Ten Years of Visa d’or

[April 28, 2021]

For ten years, the Humanitarian Visa d’or Award has been highlighting photography in the context of armed conflict. To underline this first decade of the competition, which it runs with the Visa Pour l’Image photojournalism festival, the International Committee of the Red Cross has put online a “retrospective” featuring photographs and statements by the winners, including Italian photographer Alfredo Bosco, the 2020 winner for his series shot in the Mexican state of Guerrero.

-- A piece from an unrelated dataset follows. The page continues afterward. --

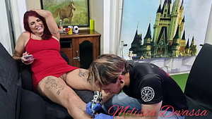 Melissa lässt sich ohne Höschen tätowieren - wird sie die Tattoo-Session genießen?

Launched during the Arab Spring period (the report in Yemen by Catalina Martin-Chico won the first year’s award), the ICRC’s Humanitarian Visa d’or Award measures how violence endures or brings out subjects that receive less media attention. Three series have come from Syria (2012, 2013, 2019), the most recent one produced by Abdulmonam Eassa, a reminder of the primordial role of local populations in the documentation of war. Although some images are painful to look at, they are essential, their makers say, to nourish the collective memory. “The award is a victory not for me, but for the victims,” notes Angela Ponce Romero, 2017 winner for her work with survivors of the conflict in Peru in the 1980s and 1990s between the Shining Path group and the government army.

The Humanitarian Visa d’or Award first focused on the theme of medical work as bullets fly, and then the role of women. Since 2018, the award has focused on urban warfare. The 2021 competition is open until June.